#### Task objective
Make an exact copy of the entries below with the pictures removed.

#### Supplied data
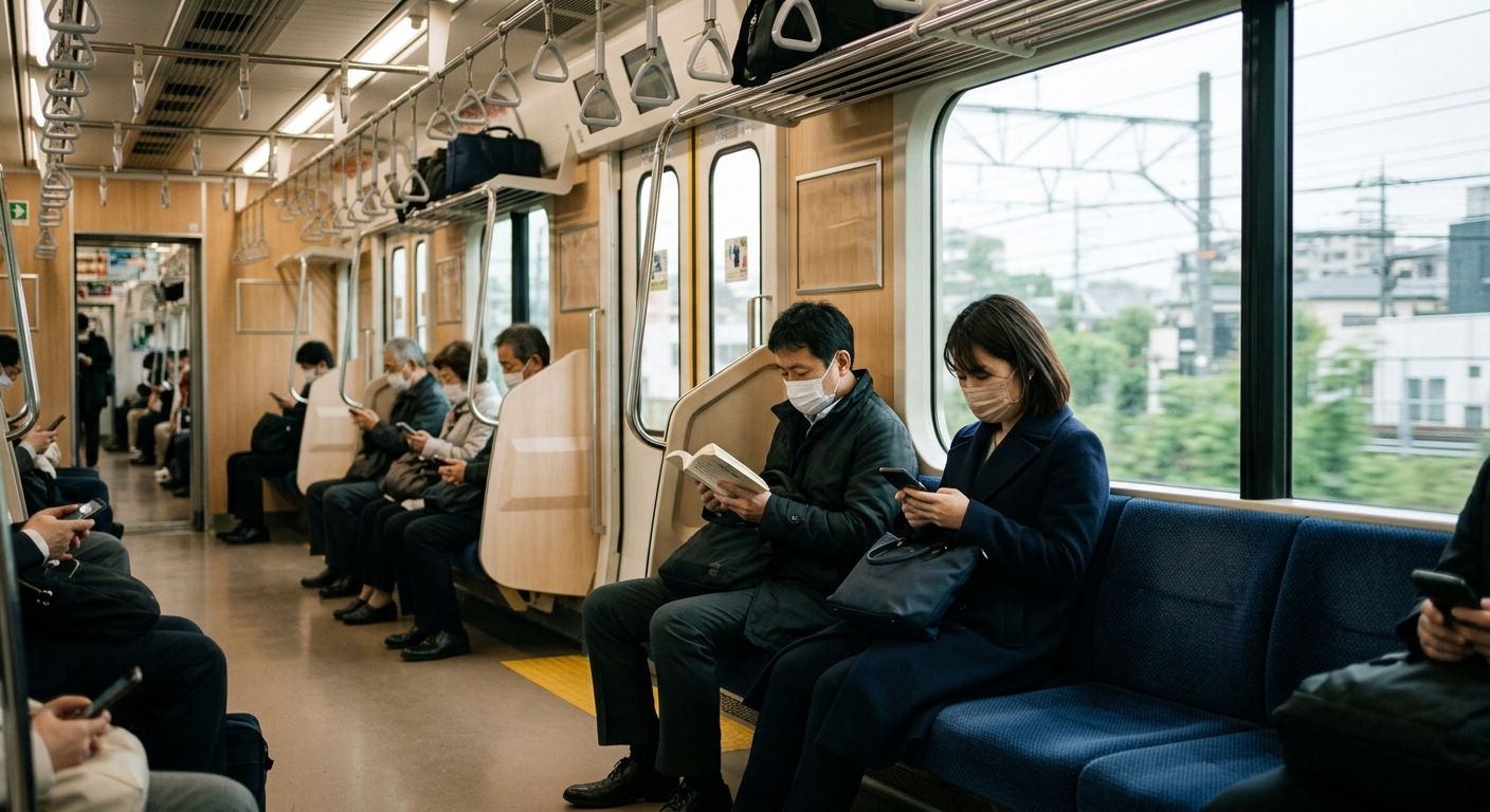 Maquillarse en el tren es uno de los tabúes sociales más debatidos en Japón. La perspectiva tradicional es clara: arreglarse es algo que se hace en casa o en el baño, no en un espacio público. Se percibe como "mostrar un proceso privado" — similar a la lógica de sonarse la nariz.
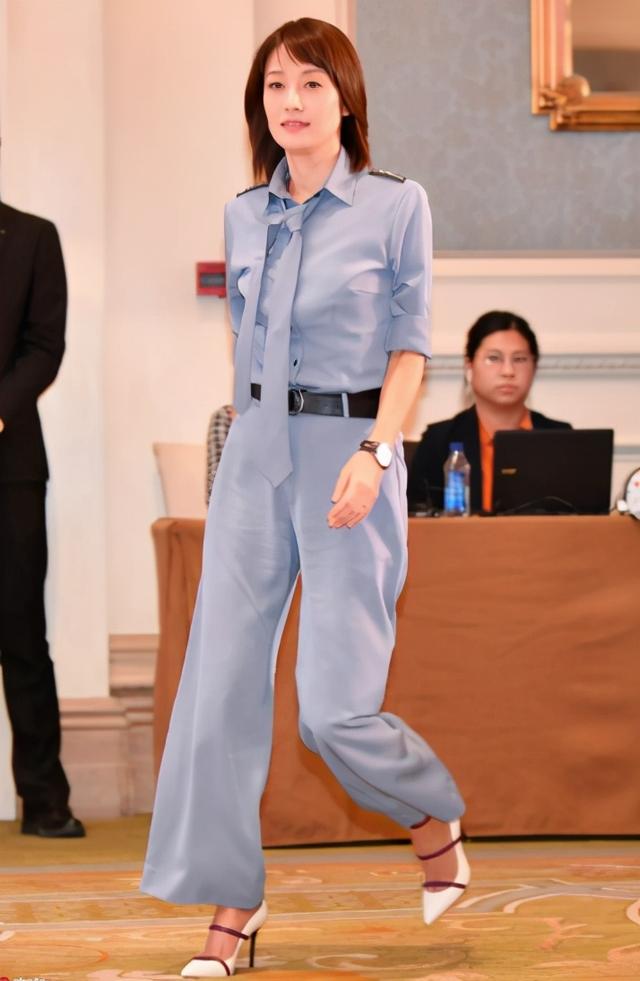 西装可以说很受女明星的青睐了,她所穿的这一件西装,整体设计偏悠闲一点,增添了许多活泼的元素在里面,跳出了中规中距西装的风格,增添了新的设计元素在里面,尤其是衣摆这个地方设计的和风衣有些像。
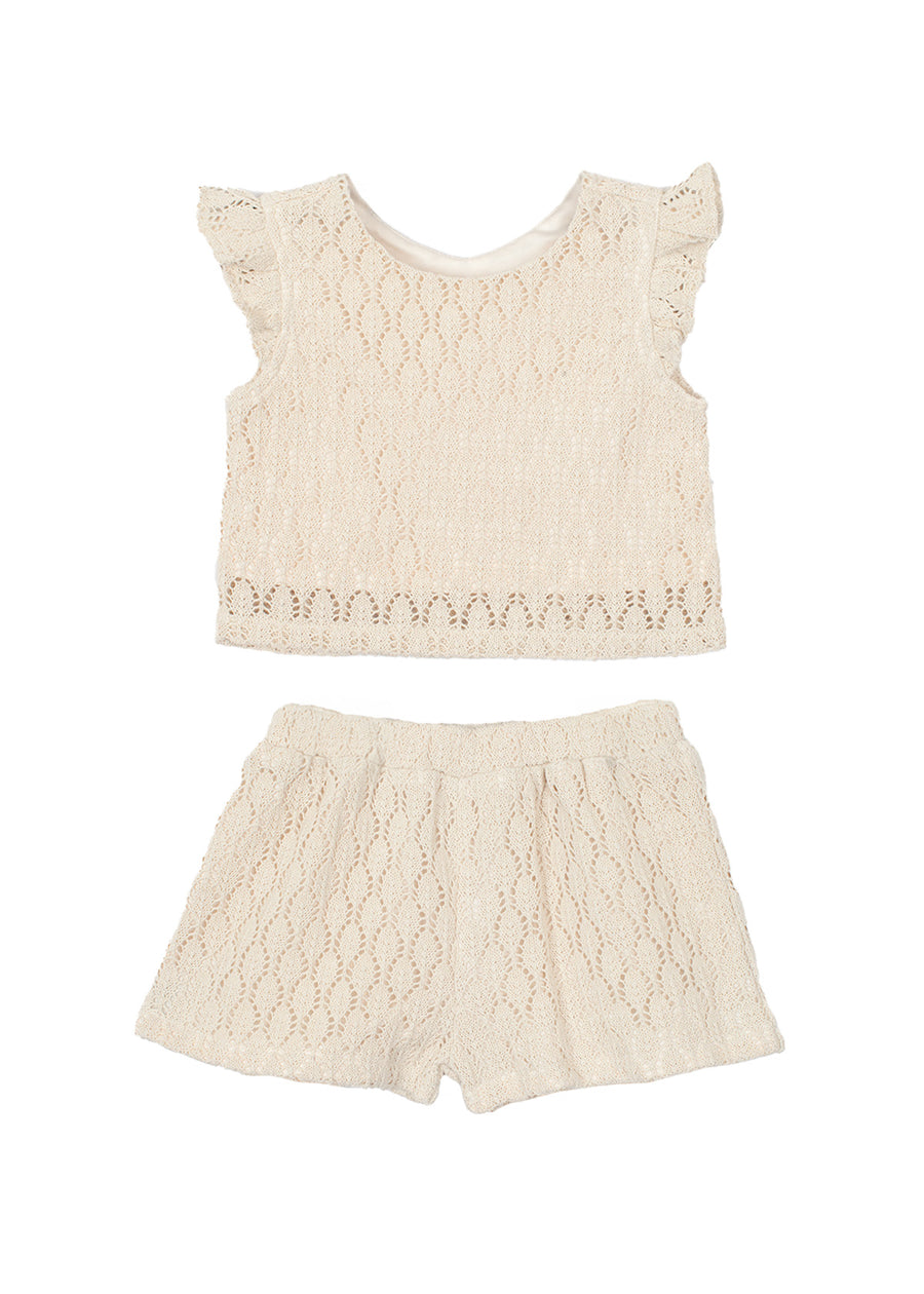 Este conjunto de 2 piezas tejido a crochet para niñas incluye una blusa con mangas onduladas y pantalones cortos a juego.
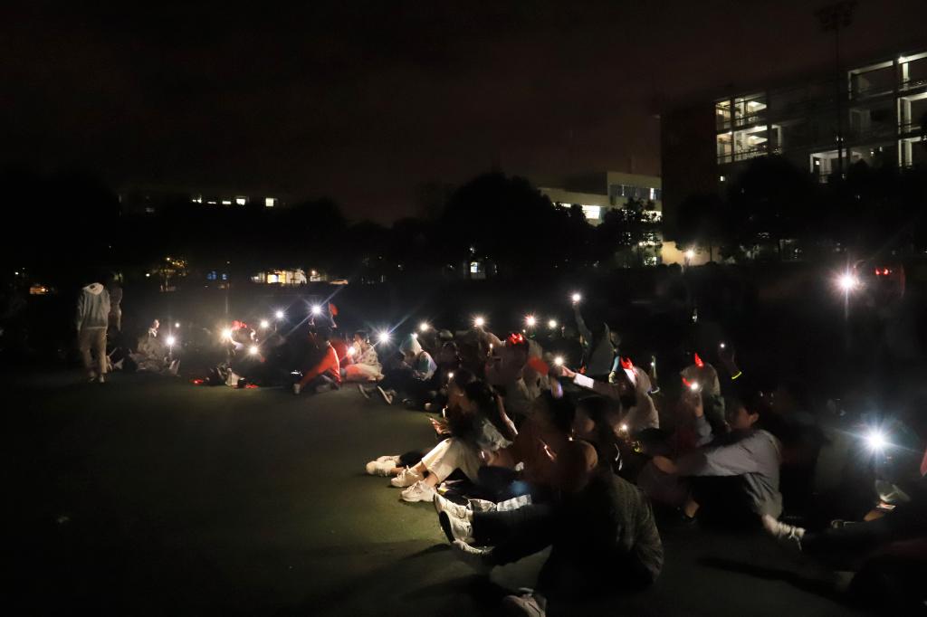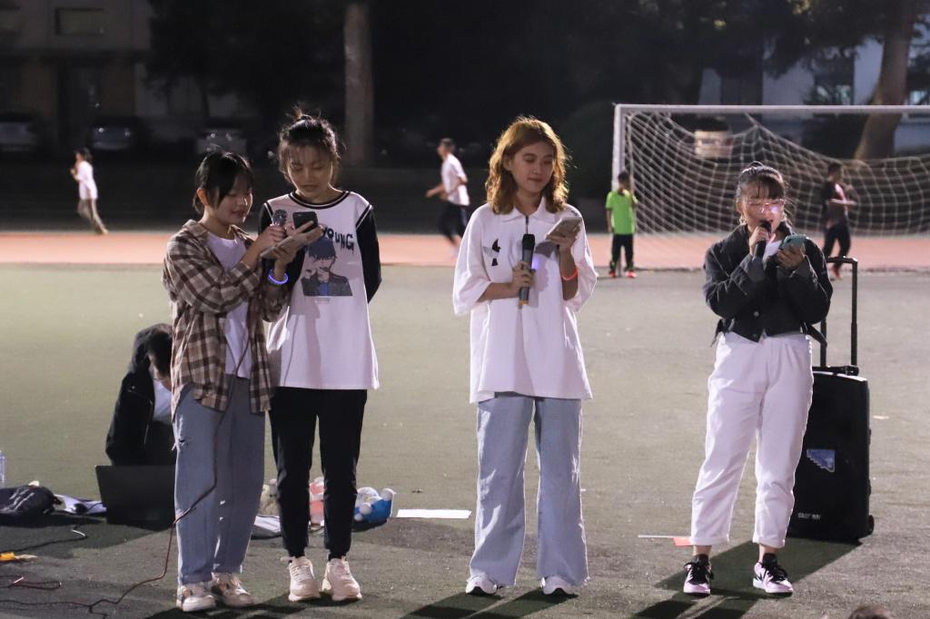 10月6日晚,国庆荧光跑活动在东运动场开跑,而在荧光跑的终点——学校西运动场,“国庆草坪歌会”早已“等待”即将到来的资环师生们。
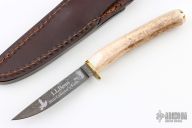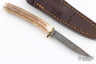 This Bird and Trout by LL Bean features a Damascus blade with .099" blade stock and .477" blade depth, hidden tang construction. The handle has a brass guard and butt with stag grip. Comes with original presentation box with brown leather sheath inside. Excellent condition.
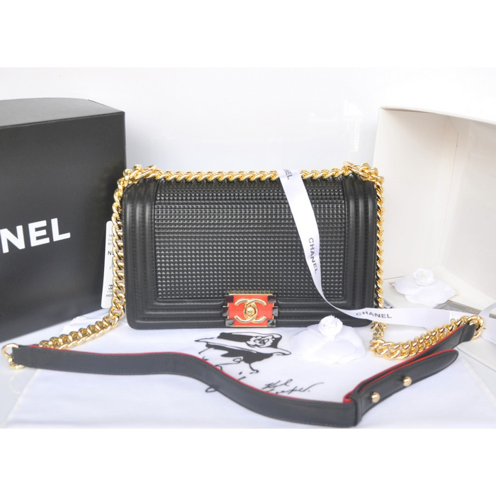 2014 Boy Chanel Flap Shoulder Bag in Original Calf Leather A92094 Black
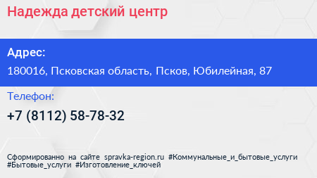 Надежда, детский центр по адресу 180016, Псковская область, Псков, Юбилейная, 87 в дальнейшем Организация, размещена в следующих категориях:
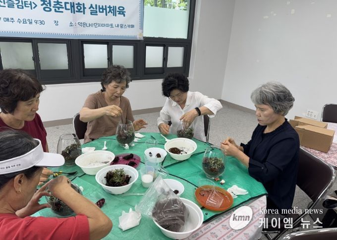 이번 프로그램은 어르신즐김터 참여자들이 정서적 안정과 생활 속 즐거움을 느낄 수 있도록 마련된 원예활동으로 ‘이끼 테라리움 만들기’라는 주제로 진행됐다.
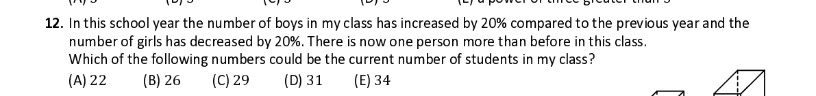 Q12. In this school year the number of boys in my class has increased by 20% compared to the previous year and the number of girls has decreased by 20%. There is now one person more than before in this class. Which of the following numbers could be the current number of students in my class?
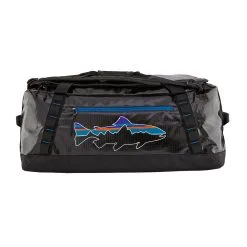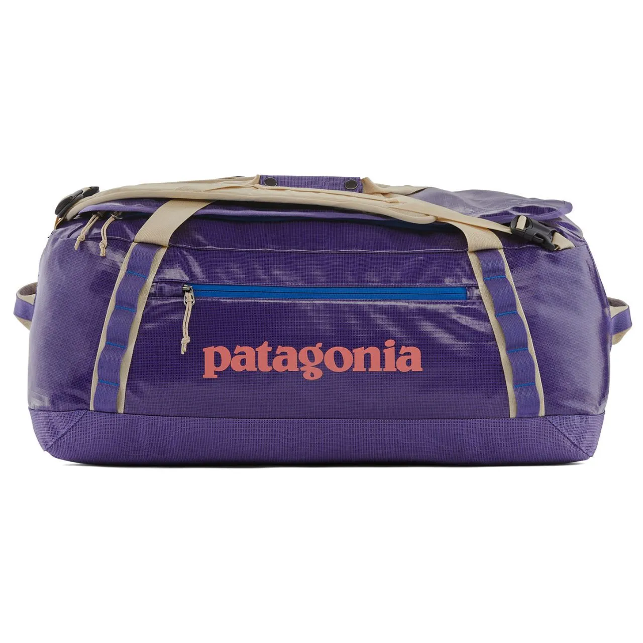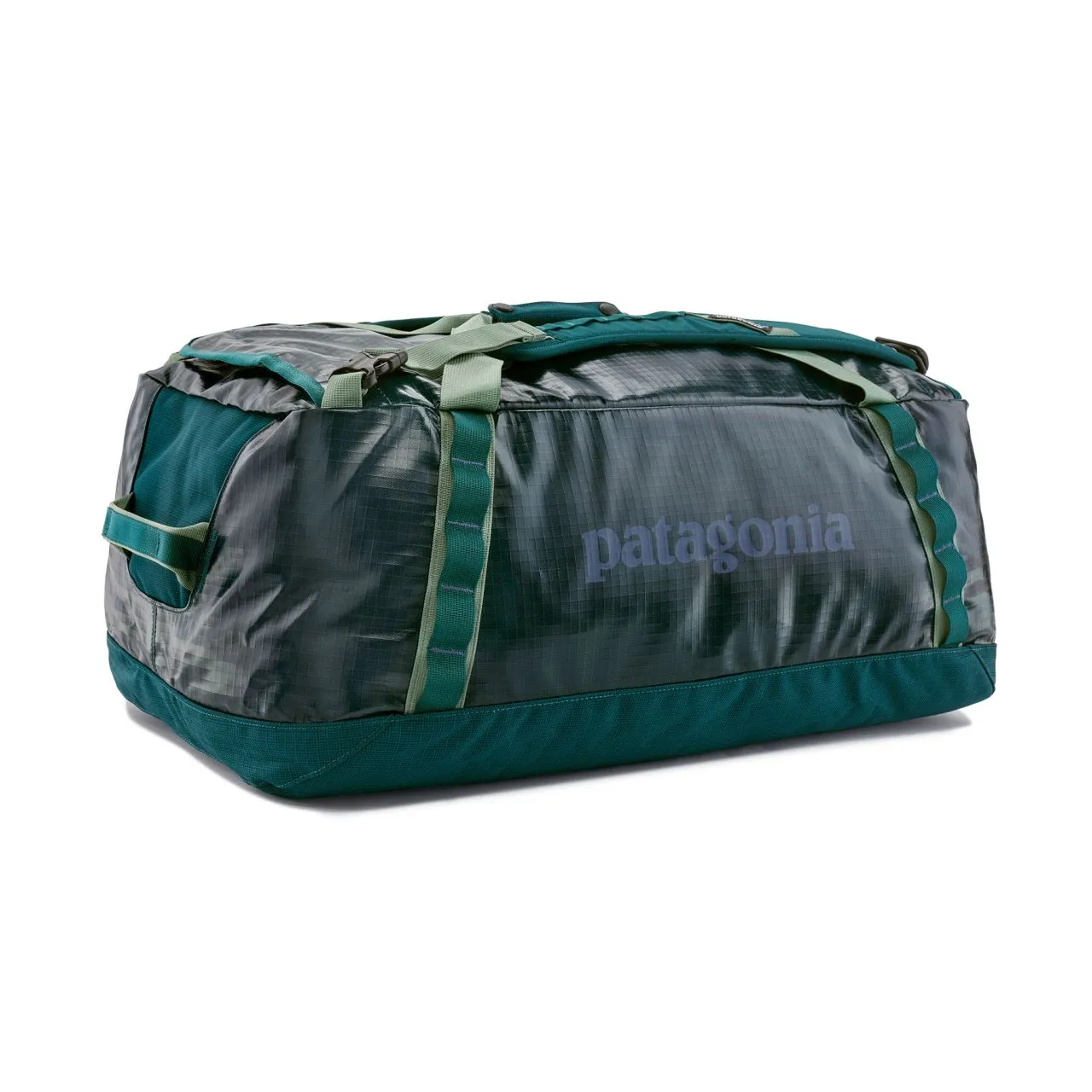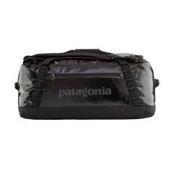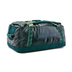 The mid-sized Black Hole 55L duffel bag is highly weather-resistant, stubbornly tough and protects your gear from travel and rough handling. The main compartment opens via a zippered U-shaped lid, which has a pair of zip-closing mesh pockets on the underside for easily lost items like earbuds and a phone charger. A zippered exterior pocket holds all the stuff you need to access quickly. The padded bottom panel adds structure and helps cushion the load when your duffel gets the baggage-handler treatment. Carrying options include padded, removable shoulder straps, webbing handles with a snap closure and haul loops at either end for linking multiple bags. Daisy chains let you lash additional gear to the outside. This Patagonia travel bag is made from burly, 900-denier 100% postconsumer recycled polyester ripstop with a TPU-film laminate and lined with 200-denier 100% recycled polyester with a polyurethane coating. Both fabrics have a DWR (durable water repellent) finish.
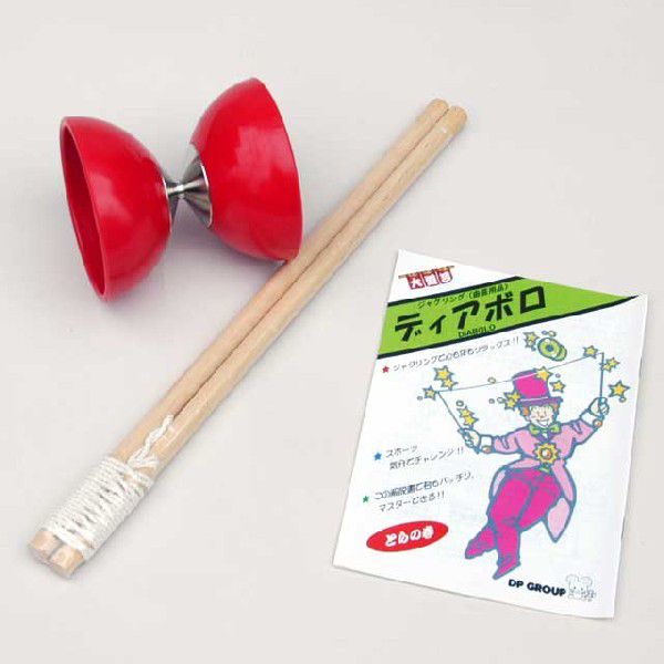 「ディアボロ」は、長さ40cmほどある2本の棒(ハンドスティック)の間に付いたヒモ(長さ150cm前後)の上で大型のヨーヨーのような本体(ディアボロ)を巧みに操ることにより、ヒモに乗せた「ディアボロ」をまわしたり、投げ上げたりと、色々なテクニックが楽しめるダイナミックなアイテムです。元来は中国で生まれた曲技ですが、今日では世界中のジャグラーによって演じられている、最もポピュラーなジャグリングの1つとなっています。本体は、直径10cm・幅11cmの標準タイプで材質には軟質のプラスチックを使い、適度な弾力を持たせてありますから、危険度も少なく、大きさ、重さとも、バランスの取れた製品です。また、操り方の基本はもちろん、「空中への投げ上げ」・「ヒモを登る」・「ジェットコースター」等々、色々な応用テクニックを多数のイラスト入りで解説したテキストブック付きですから、初級者から上級者までどなたにもご満足いただけます。<直径12cm・幅13.5cmの「ディアボロ(L)」(J1197)もございます>(動画はLサイズで実演しております。)

#### Written answer
 Maquillarse en el tren es uno de los tabúes sociales más debatidos en Japón. La perspectiva tradicional es clara: arreglarse es algo que se hace en casa o en el baño, no en un espacio público. Se percibe como "mostrar un proceso privado" — similar a la lógica de sonarse la nariz.
 西装可以说很受女明星的青睐了,她所穿的这一件西装,整体设计偏悠闲一点,增添了许多活泼的元素在里面,跳出了中规中距西装的风格,增添了新的设计元素在里面,尤其是衣摆这个地方设计的和风衣有些像。
 Este conjunto de 2 piezas tejido a crochet para niñas incluye una blusa con mangas onduladas y pantalones cortos a juego.
 10月6日晚,国庆荧光跑活动在东运动场开跑,而在荧光跑的终点——学校西运动场,“国庆草坪歌会”早已“等待”即将到来的资环师生们。
 This Bird and Trout by LL Bean features a Damascus blade with .099" blade stock and .477" blade depth, hidden tang construction. The handle has a brass guard and butt with stag grip. Comes with original presentation box with brown leather sheath inside. Excellent condition.
 2014 Boy Chanel Flap Shoulder Bag in Original Calf Leather A92094 Black
 Надежда, детский центр по адресу 180016, Псковская область, Псков, Юбилейная, 87 в дальнейшем Организация, размещена в следующих категориях:
 이번 프로그램은 어르신즐김터 참여자들이 정서적 안정과 생활 속 즐거움을 느낄 수 있도록 마련된 원예활동으로 ‘이끼 테라리움 만들기’라는 주제로 진행됐다.
 Q12. In this school year the number of boys in my class has increased by 20% compared to the previous year and the number of girls has decreased by 20%. There is now one person more than before in this class. Which of the following numbers could be the current number of students in my class?
 The mid-sized Black Hole 55L duffel bag is highly weather-resistant, stubbornly tough and protects your gear from travel and rough handling. The main compartment opens via a zippered U-shaped lid, which has a pair of zip-closing mesh pockets on the underside for easily lost items like earbuds and a phone charger. A zippered exterior pocket holds all the stuff you need to access quickly. The padded bottom panel adds structure and helps cushion the load when your duffel gets the baggage-handler treatment. Carrying options include padded, removable shoulder straps, webbing handles with a snap closure and haul loops at either end for linking multiple bags. Daisy chains let you lash additional gear to the outside. This Patagonia travel bag is made from burly, 900-denier 100% postconsumer recycled polyester ripstop with a TPU-film laminate and lined with 200-denier 100% recycled polyester with a polyurethane coating. Both fabrics have a DWR (durable water repellent) finish.
 「ディアボロ」は、長さ40cmほどある2本の棒(ハンドスティック)の間に付いたヒモ(長さ150cm前後)の上で大型のヨーヨーのような本体(ディアボロ)を巧みに操ることにより、ヒモに乗せた「ディアボロ」をまわしたり、投げ上げたりと、色々なテクニックが楽しめるダイナミックなアイテムです。元来は中国で生まれた曲技ですが、今日では世界中のジャグラーによって演じられている、最もポピュラーなジャグリングの1つとなっています。本体は、直径10cm・幅11cmの標準タイプで材質には軟質のプラスチックを使い、適度な弾力を持たせてありますから、危険度も少なく、大きさ、重さとも、バランスの取れた製品です。また、操り方の基本はもちろん、「空中への投げ上げ」・「ヒモを登る」・「ジェットコースター」等々、色々な応用テクニックを多数のイラスト入りで解説したテキストブック付きですから、初級者から上級者までどなたにもご満足いただけます。<直径12cm・幅13.5cmの「ディアボロ(L)」(J1197)もございます>(動画はLサイズで実演しております。)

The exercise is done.